> WHAT IS NEEDED: Your copy must start with the line containing "- Leather cactus earrings free shipping" and end with the last line of the entries, matching them exactly and leaving out every picture.

> RECORD SET:
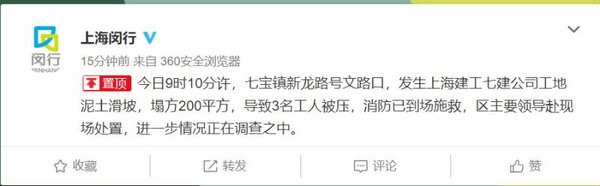 据上海市闵行区政府消息,今日9时10分许,闵行七宝镇新龙路号文路口,发生上海建工七建公司工地泥土滑坡,塌方200平方,导致3名工人被压,消防已到场施救,区主要领导赴现场处置,进一步情况正在调查之中。 (北青报记者 郭琳琳)
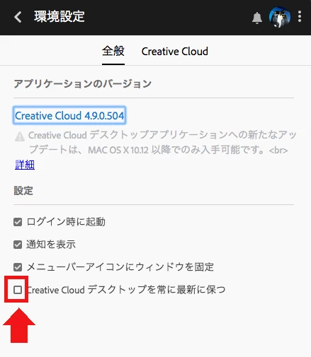 「環境設定」が表示されたら「Creative Cloudデスクトップを常に最新に保つ」からチェックを外します。
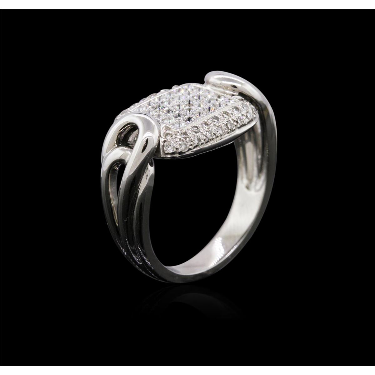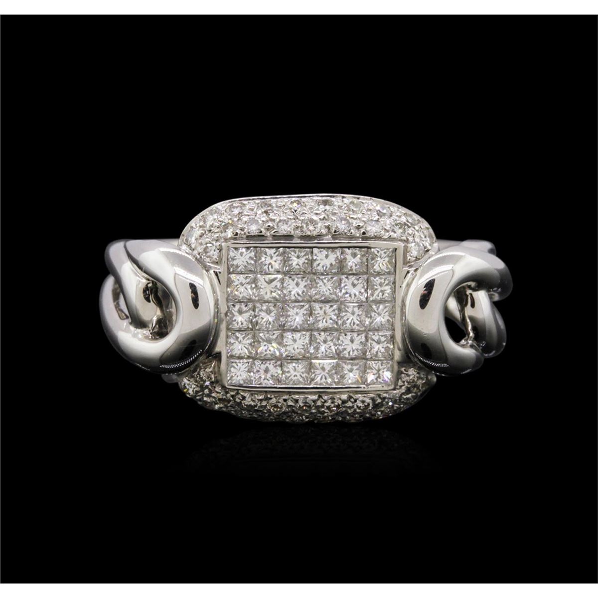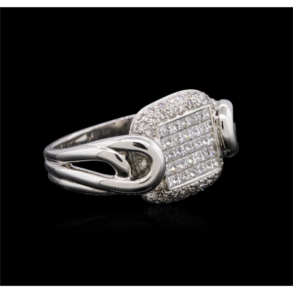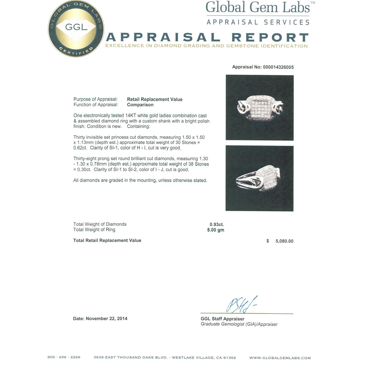 One electronically tested 14KT white gold ladies combination cast & assembled diamond ring with a custom shank with a bright polish finish. Condition is new. Containing: Thirty invisible set princess cut diamonds, measuring 1.50 x 1.50 x 1.13mm (depth est.) approximate total weight of 30 Stones = 0.62ct. Clarity: SI-1. Color: H - I, Cut is Very Good. Thirty-Eight prong set round brilliant cut diamonds, measuring 1.30 - 1.30 x 0.78mm (depth est.) approximate total weight of 38 Stones = 0.30ct. Clarity: SI-1 to SI-2. Color: I - J, Cut is Good. All diamonds are graded in the mounting, unless otherwise stated. Total Weight of Diamonds 0.93ct. Total Weight of Ring 8.00 grams. GGL Appraised at $5,080.00.
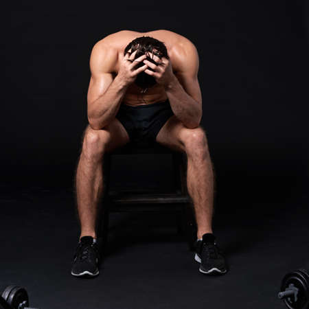 Young handsome muscular caucasian man with lowered head
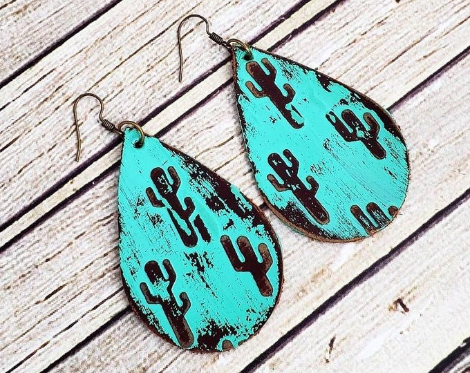 - Leather cactus earrings free shipping
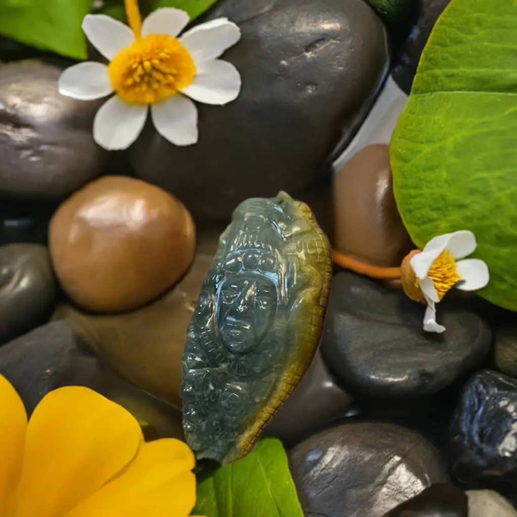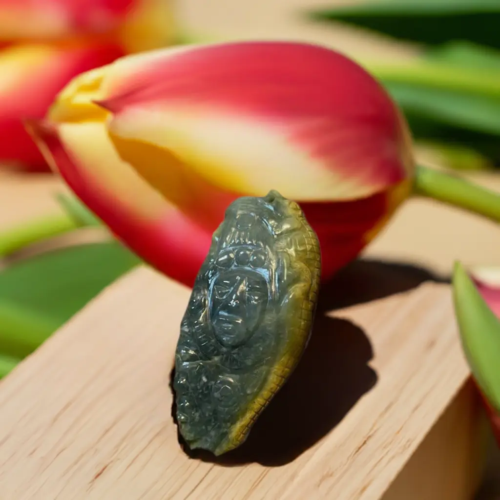 Made of High grade, Guatemalan Princessa jade, it features intricate details that capture the spirit of the alligator God, Ximiche. The alligator is a powerful symbol of strength and protection.

> RESULT OF THE TASK:
 - Leather cactus earrings free shipping
 Made of High grade, Guatemalan Princessa jade, it features intricate details that capture the spirit of the alligator God, Ximiche. The alligator is a powerful symbol of strength and protection.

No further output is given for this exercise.